### Work to complete
Print all of the entries exactly, minus the pictures.

Dataset items:
____________________

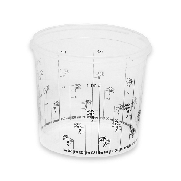 Емкость оснащена высококачественной градуировкой, позволяющей удобно и точно измерять необходимые пропорции для смешивания материалов в соотношениях 2:1, 3:1, 4:1, 5:1, 6:1, 7:1 и 10:1. Это исключает вероятность ошибок, так как объем отмеренных компонентов точно соответствует указанным значениям градуировки.
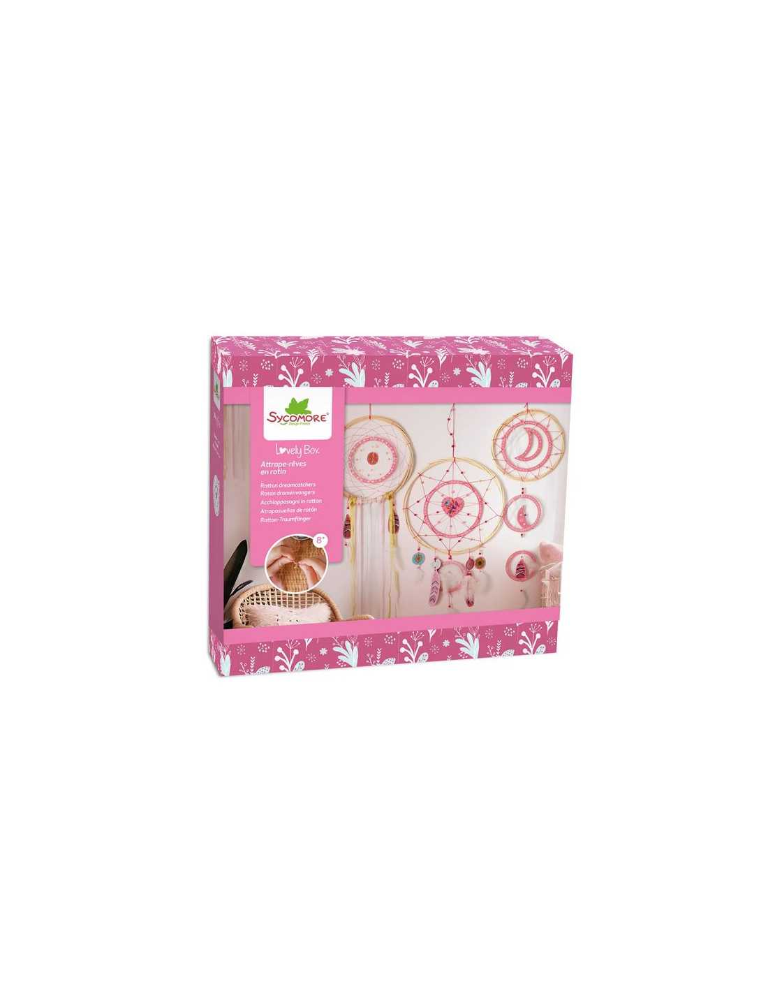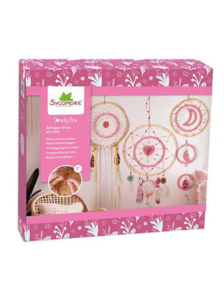 Découvrez le coffret Attrape rêves en rotin de Sycomore, un coffret de loisirs créatifs de la collection Lovely Box pour les enfants à partir de 8 ans qui vont réaliser 3 attrape-rêves géants en rotin.
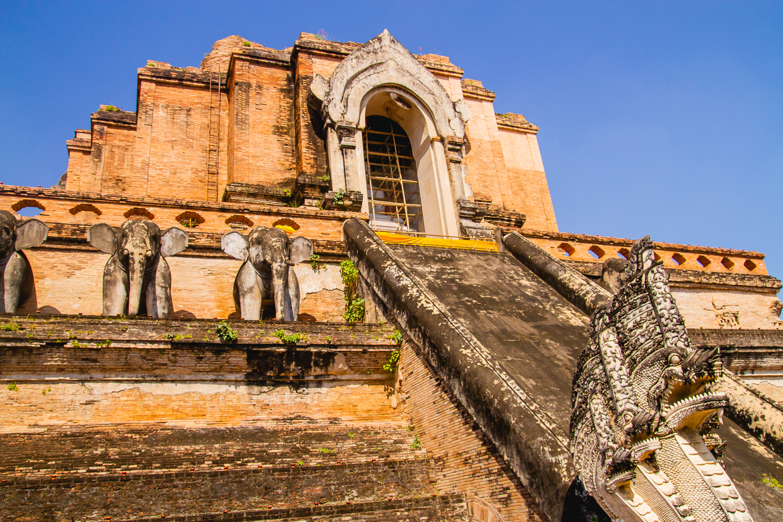 Wat Chedi Luang 是一座令人印象深刻的著名寺庙,以拥有该市最大的佛塔和美丽的戒堂而闻名
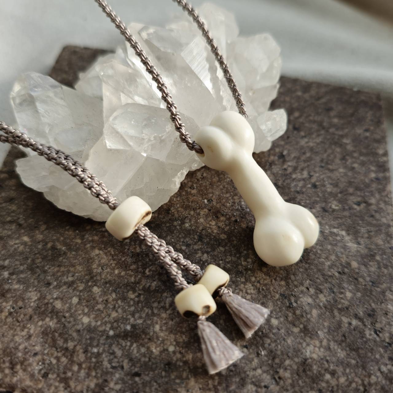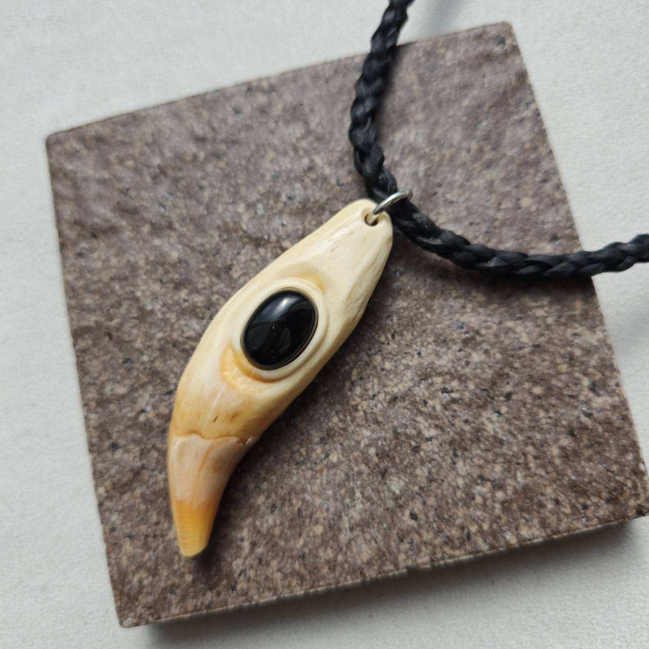 ■材質 ヒグマの牙、鹿の角、鹿革紐
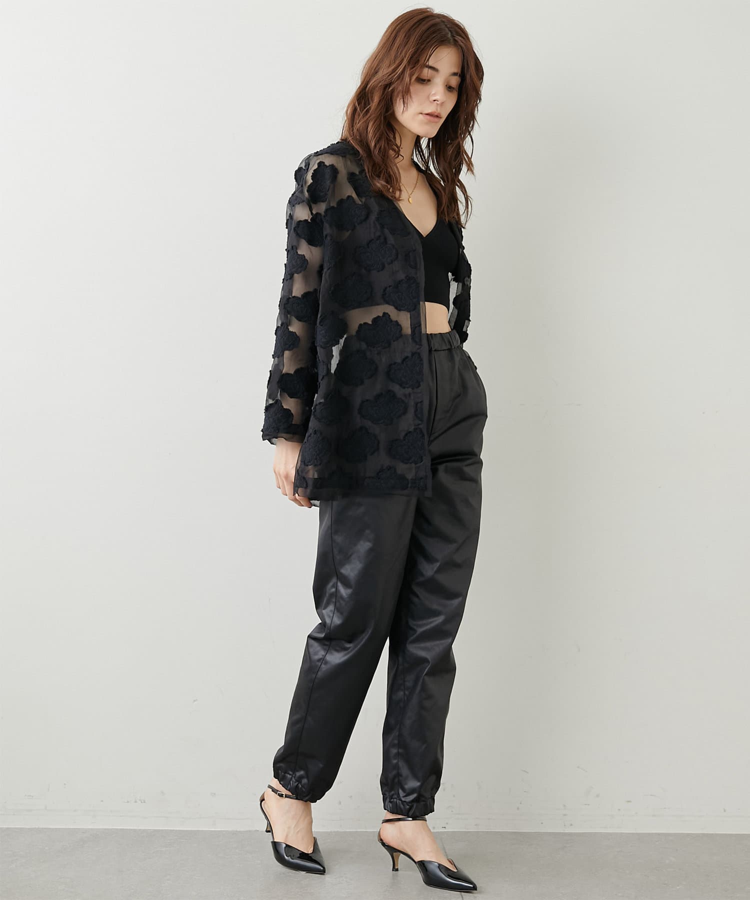 ジャガード部分と透ける部分のコントラストが華やかなブラック。
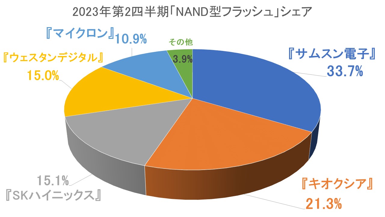 2023年第2四半期時点での、NAND型フラッシュメモリーの世界シェアは以下のようになっています。『キオクシア』が21.3%、『ウエスタンデジタル』が15.0%のシェアを持っていますので、
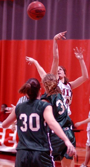 Karen A. Kinnaman ’06 leaps for control of the ball amidst traffic. After a very close first half, MIT eventually lost to the Babson Beavers 43-65.
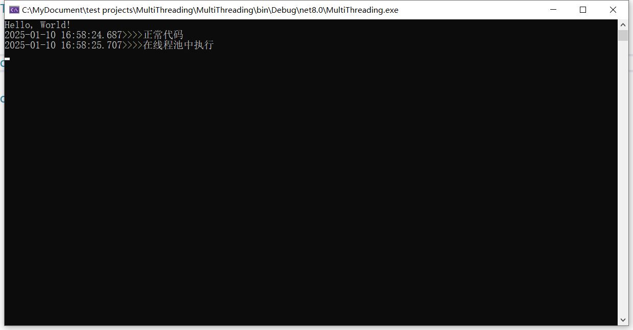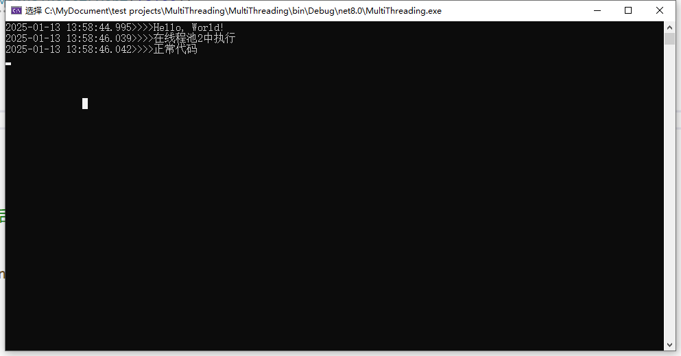 运行程序,查看执行结果 1、新增Test2方法,用来测试线程池ThreadPool使用
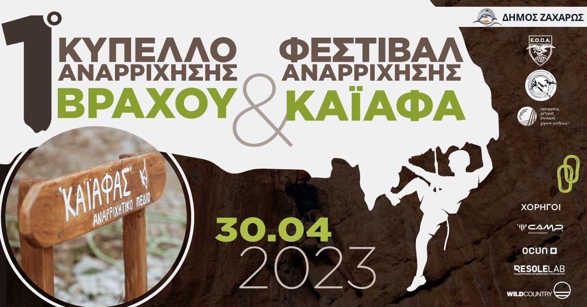Το τριήμερο της Πρωτομαγιάς (29/4/2023-1/5/2023) θα διεξαχθεί, στο Αναρριχητικό Πεδίο Καϊάφα, το Φεστιβάλ Αναρρίχησης Καϊάφα και το 1ο Κύπελλο Αναρρίχησης Βράχου, που διοργανώνει η Ορειβατική-Αναρριχητική Λέσχη Πύργου και η Ελληνική Ομοσπονδία Ορειβασίας-Αναρρίχησης, σε συνδιοργάνωση του Δήμου Ζαχάρως και της Περιφέρειας Δυτικής Ελλάδας.
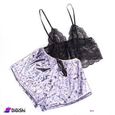 Women's pajamas made of satin, consisting of shorts, a cropped top and a hair tie
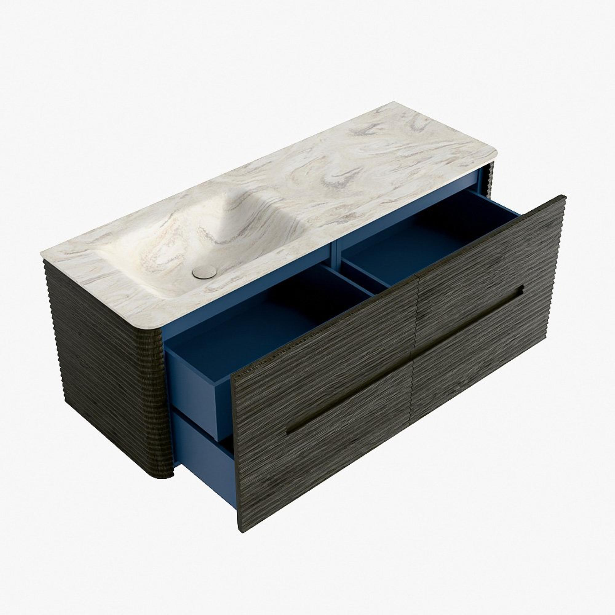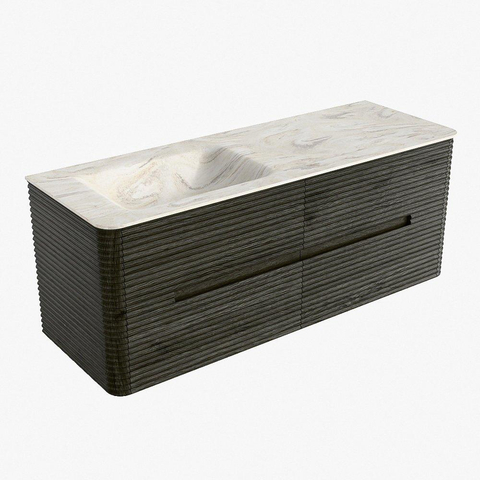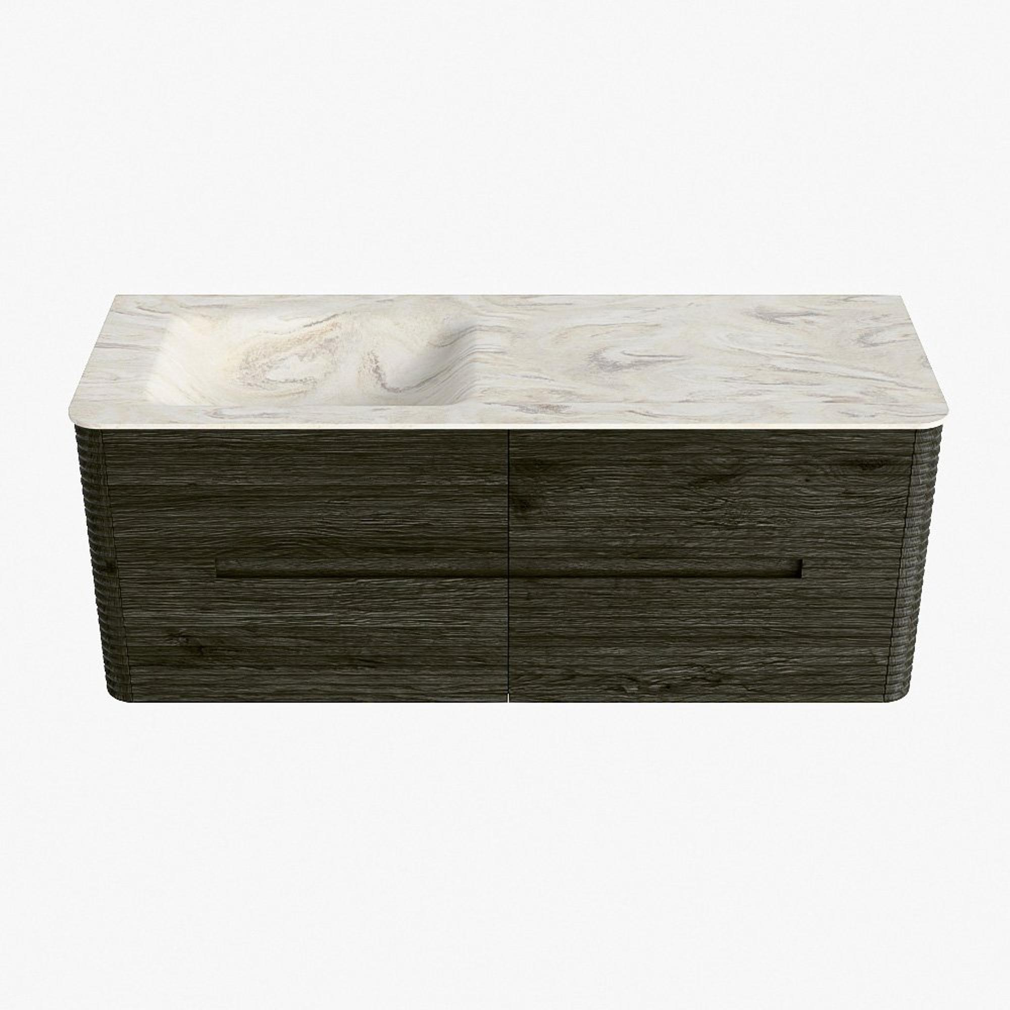 Mondiaz CIRO-DLUX Badkamermeubelset - 130x45x50cm - Solid surface wastafel Ostra - 1 wasbak Links - zonder kraangaten - 4 lades - Shadow
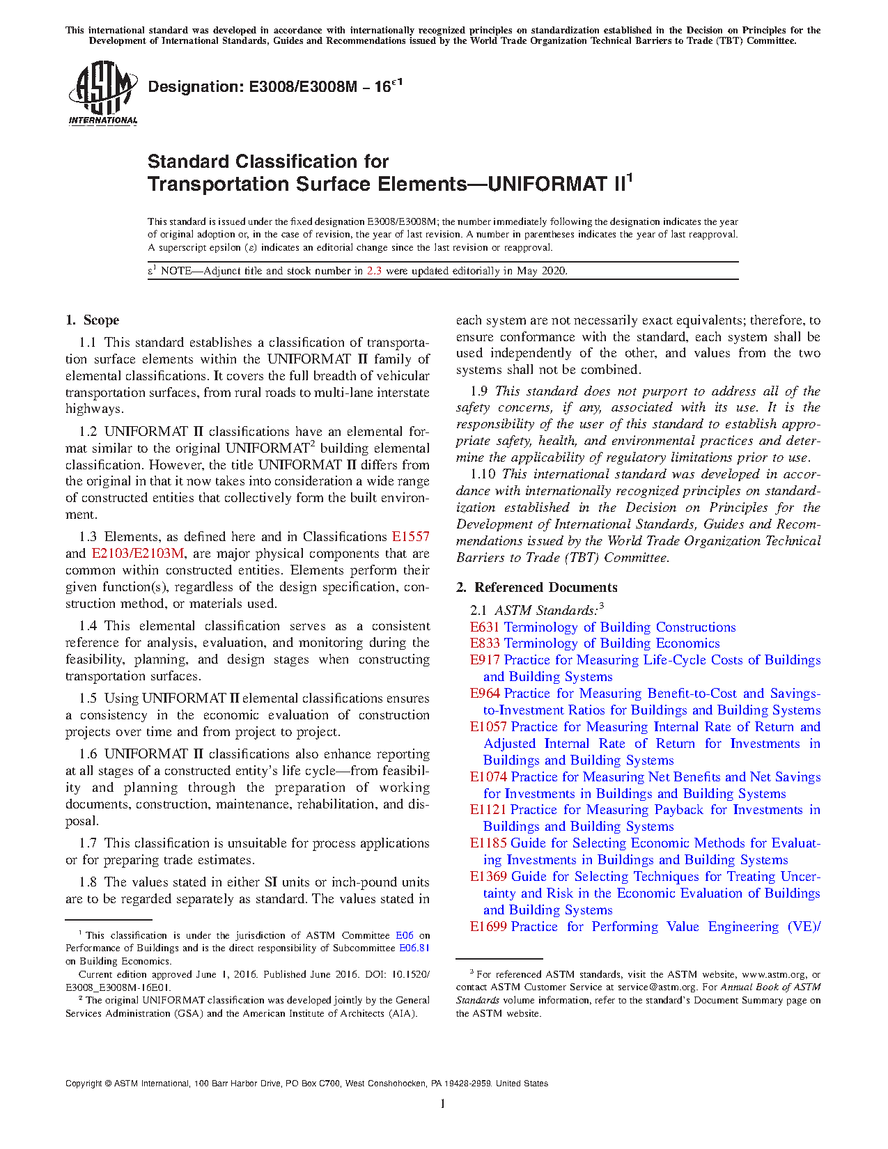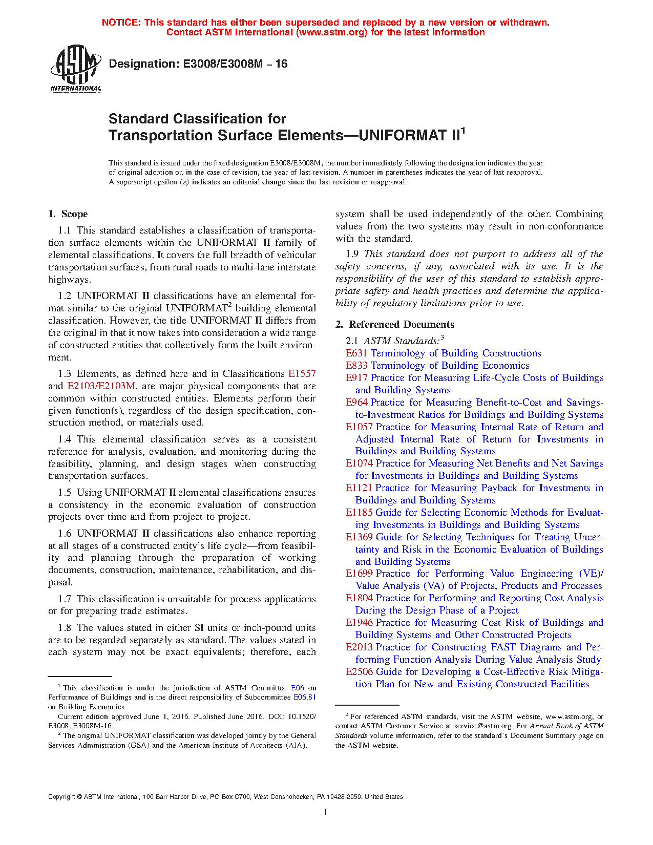 Note 1: As this classification refers solely to permanent, physical parts of any construction, two additional classifications, Classifications E2083 and E2168, need to be included when calculating construction cost. These standards provide for the inclusion of construction enabling, temporary, and risk mitigation cost figures. Procedures for reporting all these figures are described in Practices E1804 and E2514 and Classification E2516. While these three latter standards were primarily written for building construction, they are nonetheless appropriate and readily applied to other forms of construction as well.
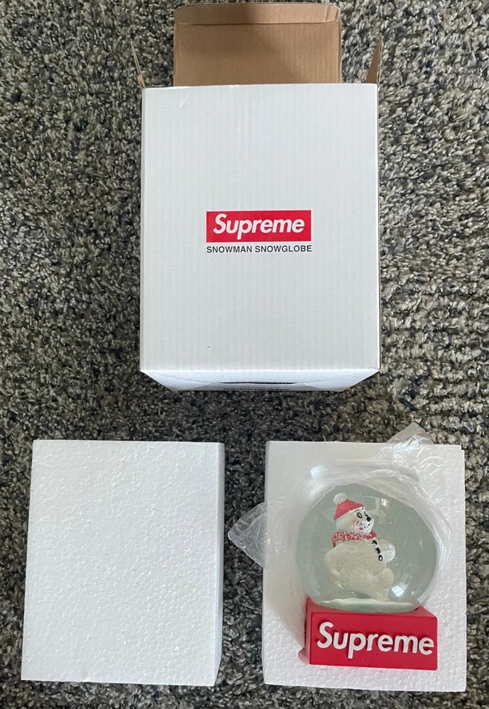 Get your hands on this limited edition Supreme Snowman Snowglobe from the FW21 collection. Perfect for the holiday season, this round glass snow globe. The special edition snow globe is an indoor item and is perfect for collectors or as a gift for adults. The Supreme Snowman Snowglobe is a must-have for any seasonal or holiday-themed collection. It is an authentic and high-quality item that is perfect for display or as a thoughtful gift. Don't miss out on the opportunity to add this unique snow globe to your collection.
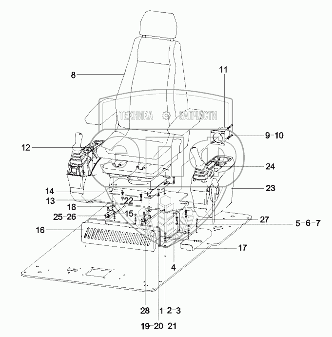 Каталог запасных частей к технике: SANY SY335C8. 10458174 Seat and control console AS

____________________

### Exercise answer
 Емкость оснащена высококачественной градуировкой, позволяющей удобно и точно измерять необходимые пропорции для смешивания материалов в соотношениях 2:1, 3:1, 4:1, 5:1, 6:1, 7:1 и 10:1. Это исключает вероятность ошибок, так как объем отмеренных компонентов точно соответствует указанным значениям градуировки.
 Découvrez le coffret Attrape rêves en rotin de Sycomore, un coffret de loisirs créatifs de la collection Lovely Box pour les enfants à partir de 8 ans qui vont réaliser 3 attrape-rêves géants en rotin.
 Wat Chedi Luang 是一座令人印象深刻的著名寺庙,以拥有该市最大的佛塔和美丽的戒堂而闻名
 ■材質 ヒグマの牙、鹿の角、鹿革紐
 ジャガード部分と透ける部分のコントラストが華やかなブラック。
 2023年第2四半期時点での、NAND型フラッシュメモリーの世界シェアは以下のようになっています。『キオクシア』が21.3%、『ウエスタンデジタル』が15.0%のシェアを持っていますので、
 Karen A. Kinnaman ’06 leaps for control of the ball amidst traffic. After a very close first half, MIT eventually lost to the Babson Beavers 43-65.
 运行程序,查看执行结果 1、新增Test2方法,用来测试线程池ThreadPool使用
Το τριήμερο της Πρωτομαγιάς (29/4/2023-1/5/2023) θα διεξαχθεί, στο Αναρριχητικό Πεδίο Καϊάφα, το Φεστιβάλ Αναρρίχησης Καϊάφα και το 1ο Κύπελλο Αναρρίχησης Βράχου, που διοργανώνει η Ορειβατική-Αναρριχητική Λέσχη Πύργου και η Ελληνική Ομοσπονδία Ορειβασίας-Αναρρίχησης, σε συνδιοργάνωση του Δήμου Ζαχάρως και της Περιφέρειας Δυτικής Ελλάδας.
 Women's pajamas made of satin, consisting of shorts, a cropped top and a hair tie
 Mondiaz CIRO-DLUX Badkamermeubelset - 130x45x50cm - Solid surface wastafel Ostra - 1 wasbak Links - zonder kraangaten - 4 lades - Shadow
 Note 1: As this classification refers solely to permanent, physical parts of any construction, two additional classifications, Classifications E2083 and E2168, need to be included when calculating construction cost. These standards provide for the inclusion of construction enabling, temporary, and risk mitigation cost figures. Procedures for reporting all these figures are described in Practices E1804 and E2514 and Classification E2516. While these three latter standards were primarily written for building construction, they are nonetheless appropriate and readily applied to other forms of construction as well.
 Get your hands on this limited edition Supreme Snowman Snowglobe from the FW21 collection. Perfect for the holiday season, this round glass snow globe. The special edition snow globe is an indoor item and is perfect for collectors or as a gift for adults. The Supreme Snowman Snowglobe is a must-have for any seasonal or holiday-themed collection. It is an authentic and high-quality item that is perfect for display or as a thoughtful gift. Don't miss out on the opportunity to add this unique snow globe to your collection.
 Каталог запасных частей к технике: SANY SY335C8. 10458174 Seat and control console AS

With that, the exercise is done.